=== DATA IN THIS EXERCISE ===

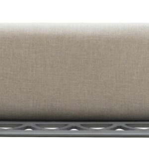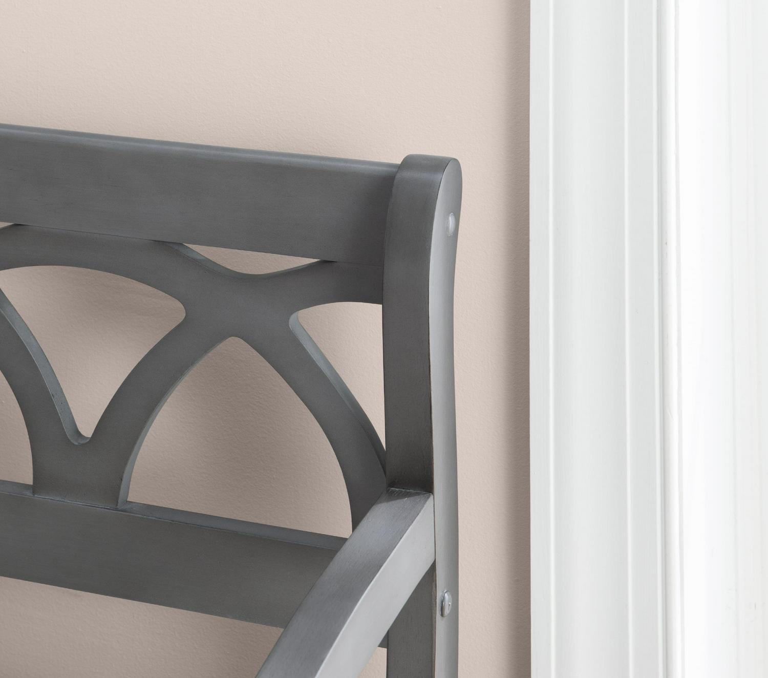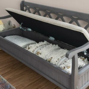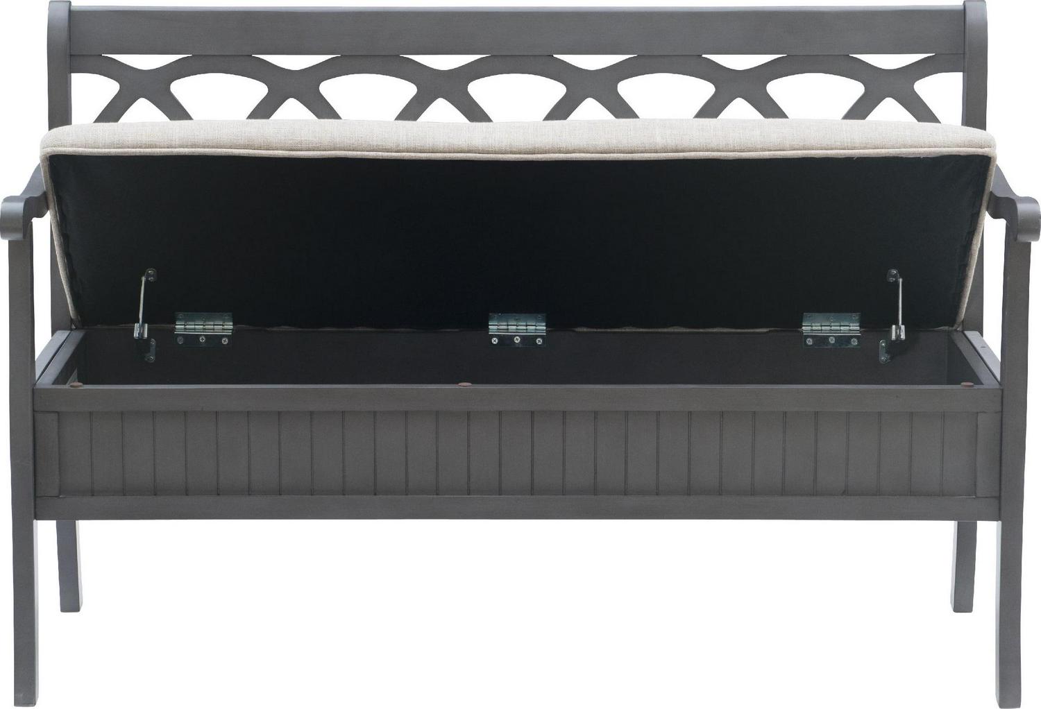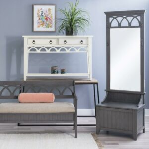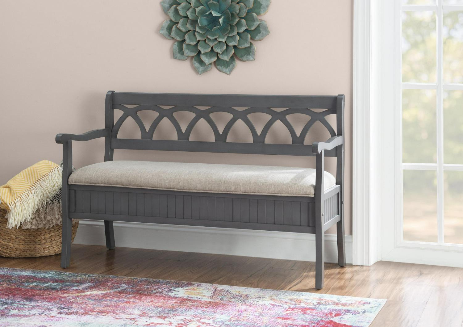 The Powell Elliana Storage Bench adds a stylish touch to your home. The 48″ lift top storage bench opens to deep storage with a built-in separation divider in the center for organization. Safety is a priority with child safe hinges and breathe holes. The bead board detailing on the front and sides of the seat adds charm, while the slightly curved arms accentuate the back decorative arched fretwork. With a comfortable foam seat, the bench is upholstered with a neutral, 100% Polyester fabric. Beautiful gray finish.
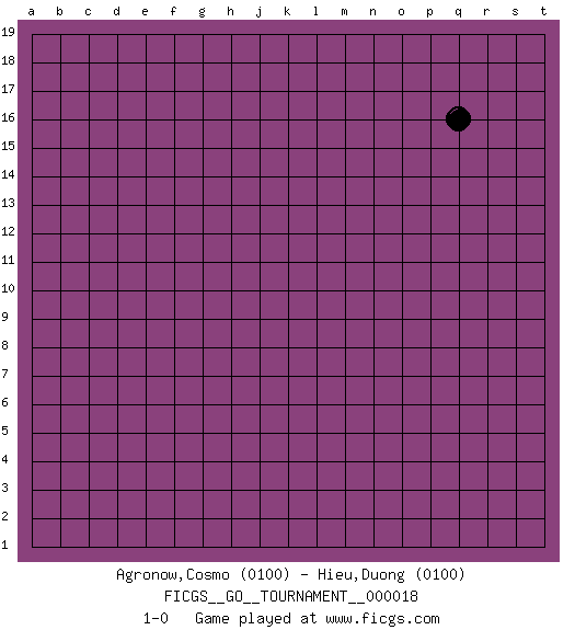 Last move : 1-0 2018 August 6 9:37:52 [Event "FICGS__GO__TOURNAMENT__000018"] [Site "FICGS"] [Date "2018.07.06"] [Round "1"] [Black "Agronow,Cosmo"] [White "Hieu,Duong"] [Result "1-0"] [Rating 1 "0100"] [Rating 2 "0100"] 1.q16 1-0 This go game has been lost on time (started : 2018.07.06 23:5:53) Here are the names of the openings (joseki) played in the four corners : Player Black won this Go (weiqi, baduk) game. Follow this game move after move (download)Every move brings change. (Pierre Audouard) Dave, my mind is going. I can feel it. (HAL 9000 in 2001, a space odyssey)
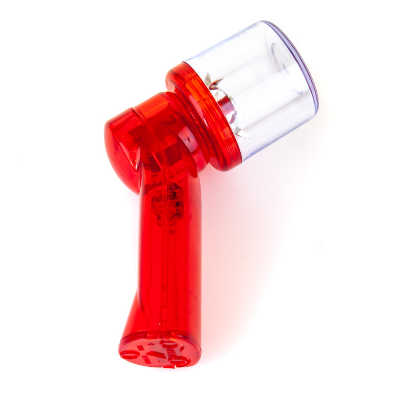 K použití tohoto drtiče stačí dvě tužkové baterie, pohánějící vrtulku s hroty. Proces drcení lze spustit zmáčknutím tlačítka po boku drtiče. Nádobka na materiál je z průhledného plastu, takže je možnost kontrolovat stav obsahu nádobky a určit míru drcení dle své potřeby. Nádobka je šroubovatelná.
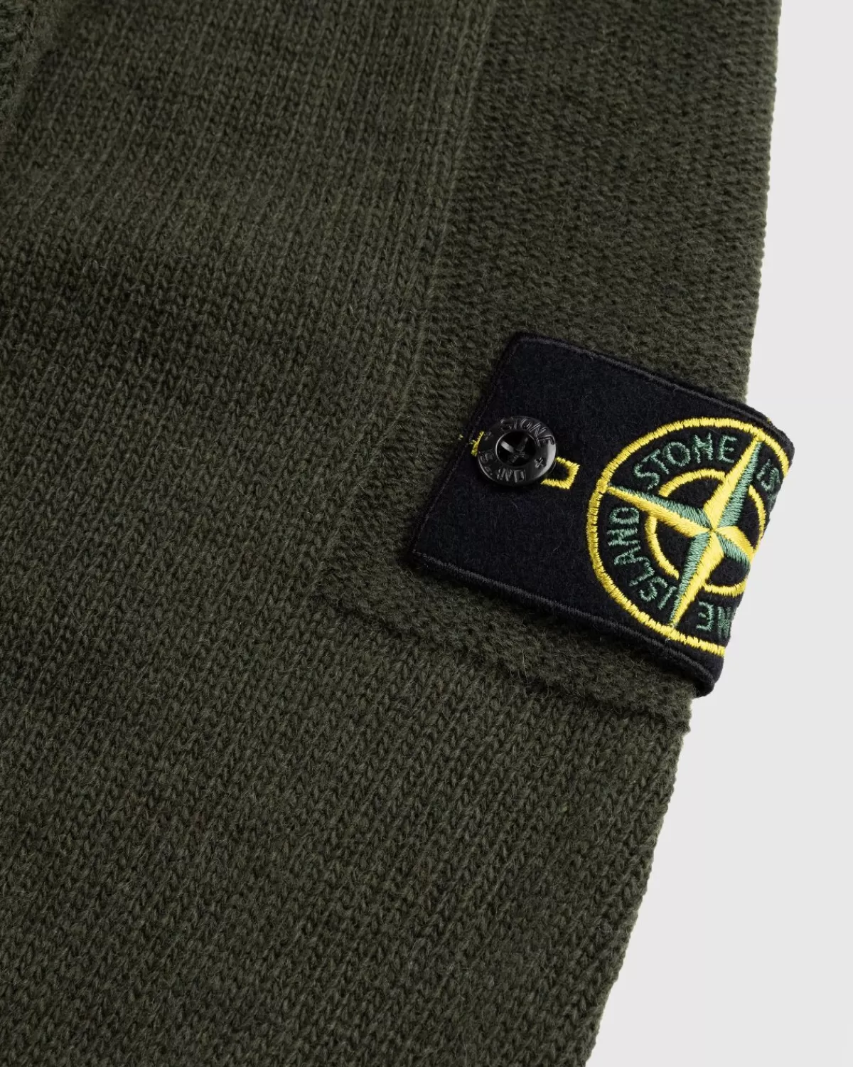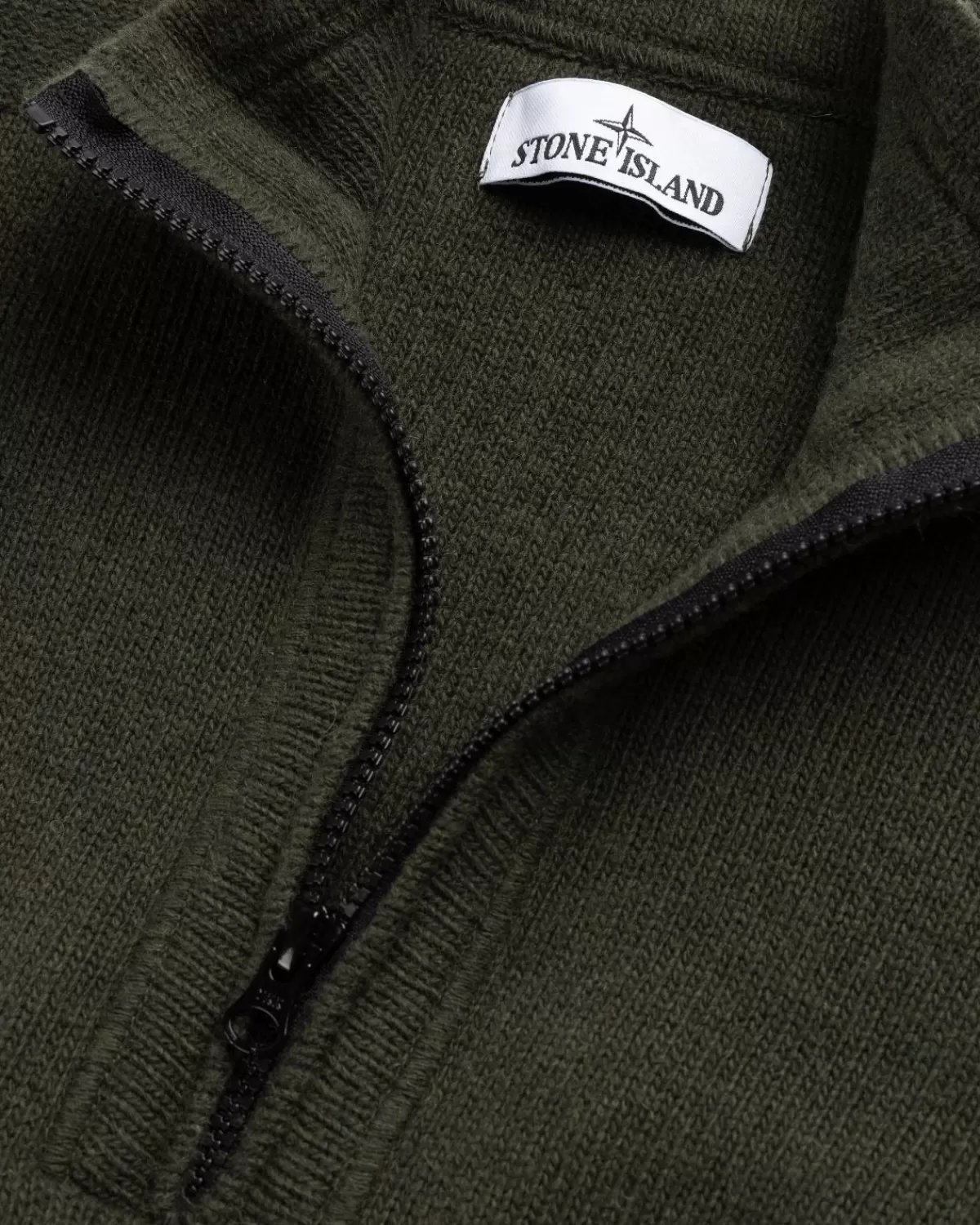 Deze Gezellige Stone Island-Ritssluiting Met Halve Rits Is Gebreid Van Lamswol, Deels In Tricotsteek, Deels In Omgekeerd…
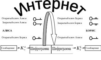 Сообщение, отправляемое любым участником переписки определённому получателю, шифруется открытым ключом этого получателя. Например, АЛИСА, отправляя сообщение БОРИСУ, использует его открытый ключ (рисунок 5).
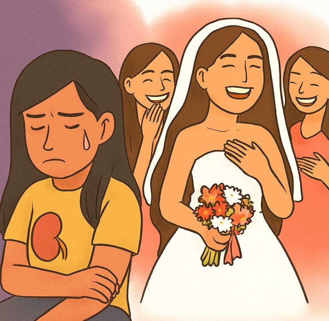 سه ماه بعد فریسا پی برد شب قبل چند نفر از همکلاسیهایش به جشن کوچکی به مناسبت بهبودی لنا دعوت شدهاند و فریسا نمیتوانست بفهمد که چرا او جزو مدعوین نبوده و چون از ترس سرکوفت شنیدن، نمیخواست با خانوادهاش درد و دل کند، آنقدر بغضش را فروخورد تا به کلیه بازماندهاش فشار آمد و درد شدیدی در پهلوی راستش پیچید و ادرارش به رنگ خون در آمد و در بیمارستان بستری شد اما به محض ترخیص خواسته بود برای رفع دلتنگی نزد لنا برود.
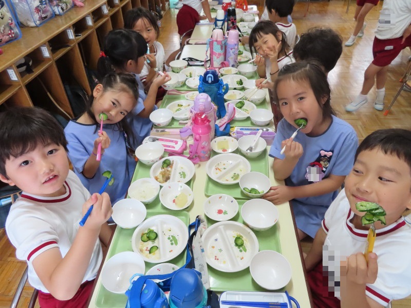 苦手な子どもたちも、自分たちで育てたきゅうりとピーマンということもあり、「おいしい〜」といいながら食べる姿がありました♪♪
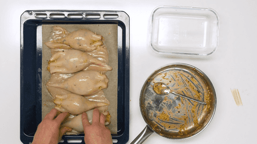 Выложить кальмары на противень, влить стакан воды и отправить в духовку, разогретую до 170 градусов, на час.
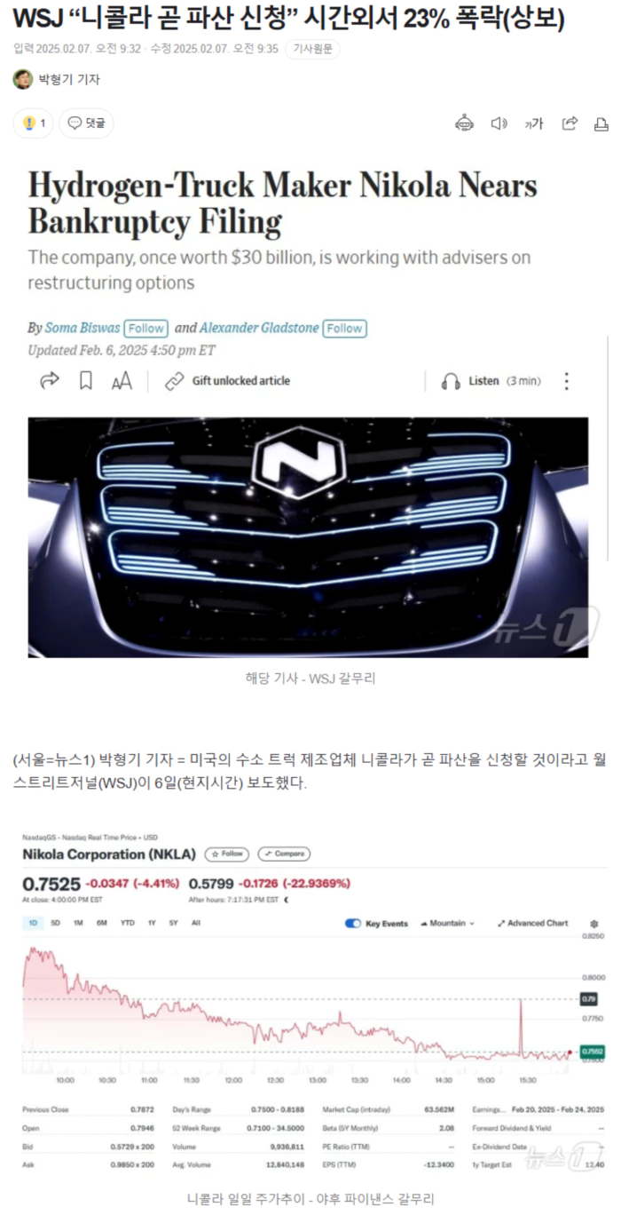 이같은 소식이 전해지자 니콜라는 시간외거래에서 23% 가까이 폭락하고 있다. 앞서 정규장도 4.41% 급락, 마감했었다.

===

Apart from the pictures, return the records exactly.

 The Powell Elliana Storage Bench adds a stylish touch to your home. The 48″ lift top storage bench opens to deep storage with a built-in separation divider in the center for organization. Safety is a priority with child safe hinges and breathe holes. The bead board detailing on the front and sides of the seat adds charm, while the slightly curved arms accentuate the back decorative arched fretwork. With a comfortable foam seat, the bench is upholstered with a neutral, 100% Polyester fabric. Beautiful gray finish.
 Last move : 1-0 2018 August 6 9:37:52 [Event "FICGS__GO__TOURNAMENT__000018"] [Site "FICGS"] [Date "2018.07.06"] [Round "1"] [Black "Agronow,Cosmo"] [White "Hieu,Duong"] [Result "1-0"] [Rating 1 "0100"] [Rating 2 "0100"] 1.q16 1-0 This go game has been lost on time (started : 2018.07.06 23:5:53) Here are the names of the openings (joseki) played in the four corners : Player Black won this Go (weiqi, baduk) game. Follow this game move after move (download)Every move brings change. (Pierre Audouard) Dave, my mind is going. I can feel it. (HAL 9000 in 2001, a space odyssey)
 K použití tohoto drtiče stačí dvě tužkové baterie, pohánějící vrtulku s hroty. Proces drcení lze spustit zmáčknutím tlačítka po boku drtiče. Nádobka na materiál je z průhledného plastu, takže je možnost kontrolovat stav obsahu nádobky a určit míru drcení dle své potřeby. Nádobka je šroubovatelná.
 Deze Gezellige Stone Island-Ritssluiting Met Halve Rits Is Gebreid Van Lamswol, Deels In Tricotsteek, Deels In Omgekeerd…
 Сообщение, отправляемое любым участником переписки определённому получателю, шифруется открытым ключом этого получателя. Например, АЛИСА, отправляя сообщение БОРИСУ, использует его открытый ключ (рисунок 5).
 سه ماه بعد فریسا پی برد شب قبل چند نفر از همکلاسیهایش به جشن کوچکی به مناسبت بهبودی لنا دعوت شدهاند و فریسا نمیتوانست بفهمد که چرا او جزو مدعوین نبوده و چون از ترس سرکوفت شنیدن، نمیخواست با خانوادهاش درد و دل کند، آنقدر بغضش را فروخورد تا به کلیه بازماندهاش فشار آمد و درد شدیدی در پهلوی راستش پیچید و ادرارش به رنگ خون در آمد و در بیمارستان بستری شد اما به محض ترخیص خواسته بود برای رفع دلتنگی نزد لنا برود.
 苦手な子どもたちも、自分たちで育てたきゅうりとピーマンということもあり、「おいしい〜」といいながら食べる姿がありました♪♪
 Выложить кальмары на противень, влить стакан воды и отправить в духовку, разогретую до 170 градусов, на час.
 이같은 소식이 전해지자 니콜라는 시간외거래에서 23% 가까이 폭락하고 있다. 앞서 정규장도 4.41% 급락, 마감했었다.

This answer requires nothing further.